Facebook will never stop invading your lives, folks. Never. If they did, that would involve remembering what Facebook was meant to be when it began. Today, Facebook has so much sway, so much power that they’re seemingly willing to do whatever they can to know more about you than you do.
A patent application, filed by Facebook in May and published on Thursday, claims they have an algorithm that would identify different aspects of the pictures people post to their Facebook pages and use those aspects to “build a profile of an entire household.”
According to tech website The Verge:
The system described in the new patent would involve an even more sophisticated level of data mining. The proposed model would cross-reference details from photographs with tags, descriptions, the poster’s IP address, the list of Facebook users using that same address, and potentially other details. From this, Facebook could deduce how many people were in the household, alongside various demographic information. It doesn’t specify what that might be, although advertisers often look for data on gender, age, and socioeconomic status.
In one example, Facebook describes a male user who posts multiple pictures of two female subjects who appear repeatedly in either pictures he posts or pictures friends tag him in. One of them is a picture of a single young girl, with the description “my angel.” The system could deduce that there are three people in his household, one male and two female, and that the female members are probably his wife and daughter.
I’m sorry, but that type of recognition software is scary. I never understood why people willfully and blindly post hundreds, if not thousands of pictures to social media while still maintaining some expectation of privacy.
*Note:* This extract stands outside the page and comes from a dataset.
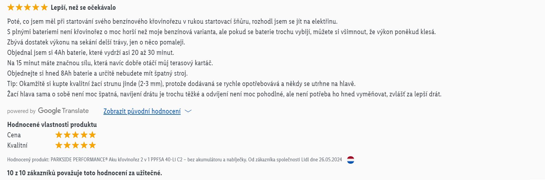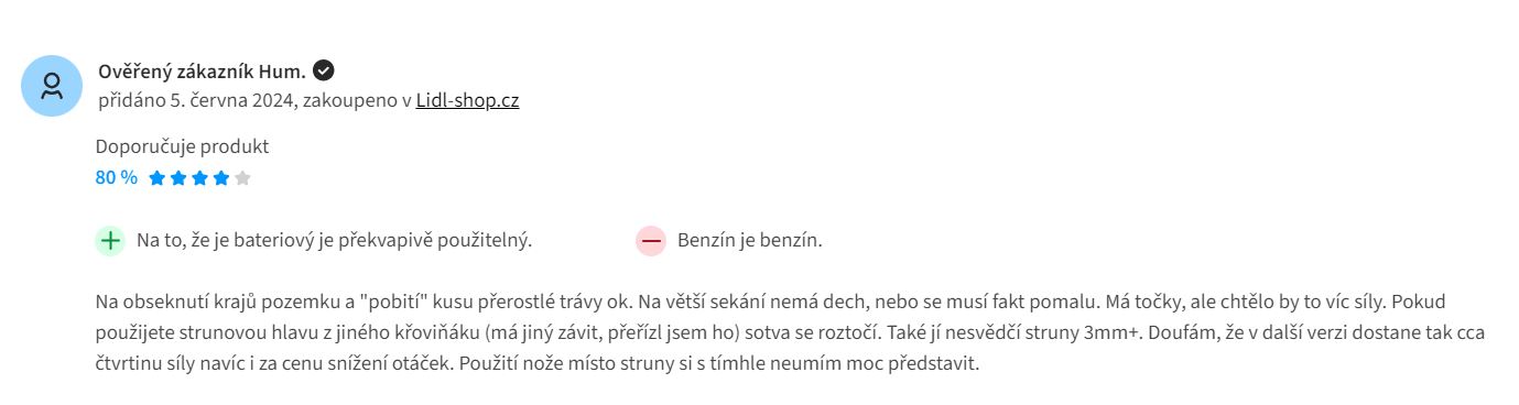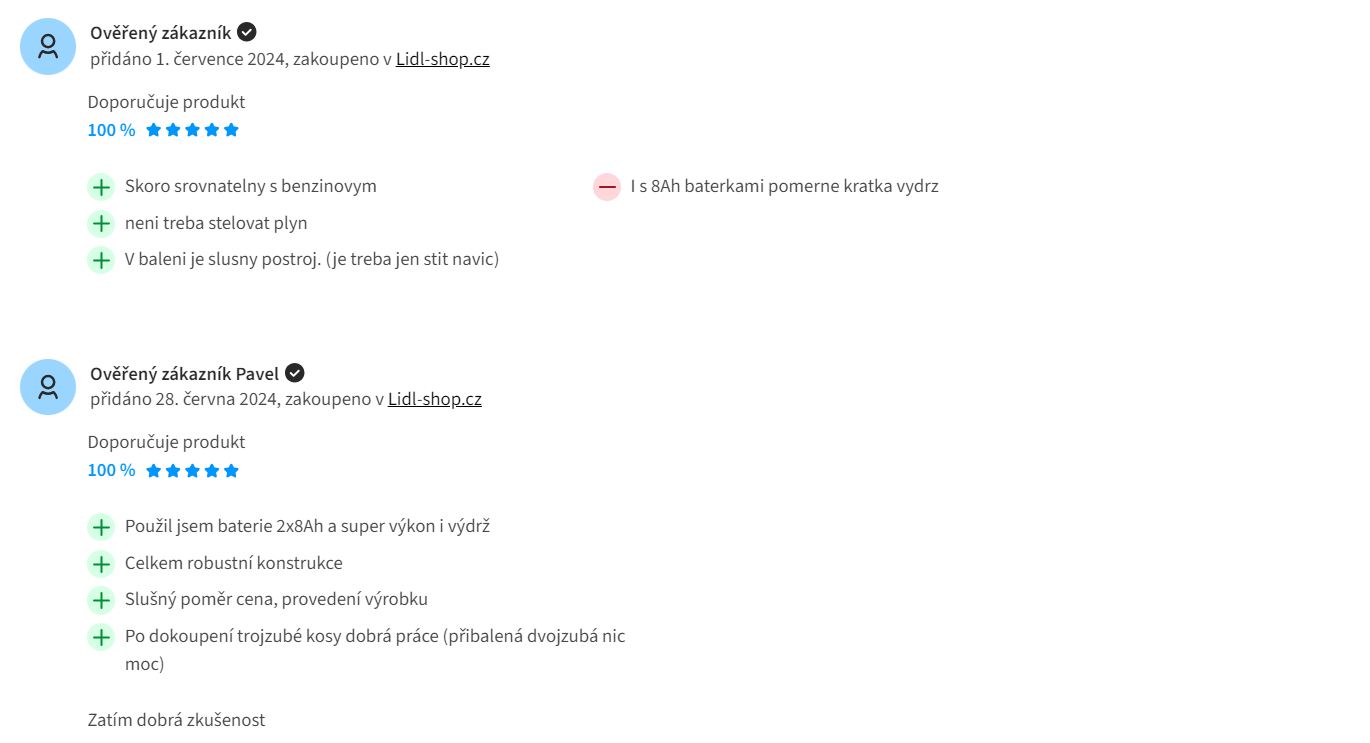 Příklady pozitivních recenzí (Heureka, Lidl):

Your privacy is gone, and if it isn’t completely gone it’s on life support. We’ve now had over a decade of unadulterated invasions of our privacy that we all once took for granted.
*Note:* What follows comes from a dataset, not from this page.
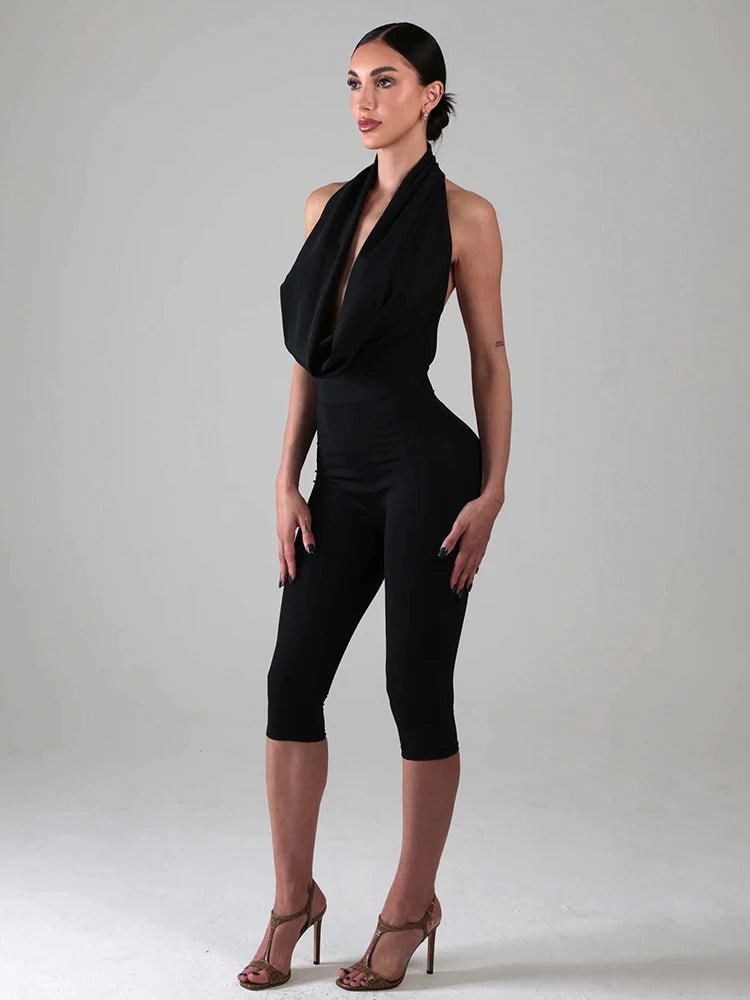 Trend4us Halter Plunge Backless Capri Jumpsuit

There’s a saying that goes, “The internet is forever.” And while I posted many pictures in years past on social media, I matured to understand that those in charge of social media companies have no interest in your privacy.
If I’ve said it once, I’ve said it a million times — If I didn’t need social media for the job I currently inhabit, you would never see me on social media again. I’m not saying that people need to leave social media en masse. What I am suggesting is that people be a little more careful with the content they post on social media platforms.
You never know who’s watching, and for what reason, until it’s too late.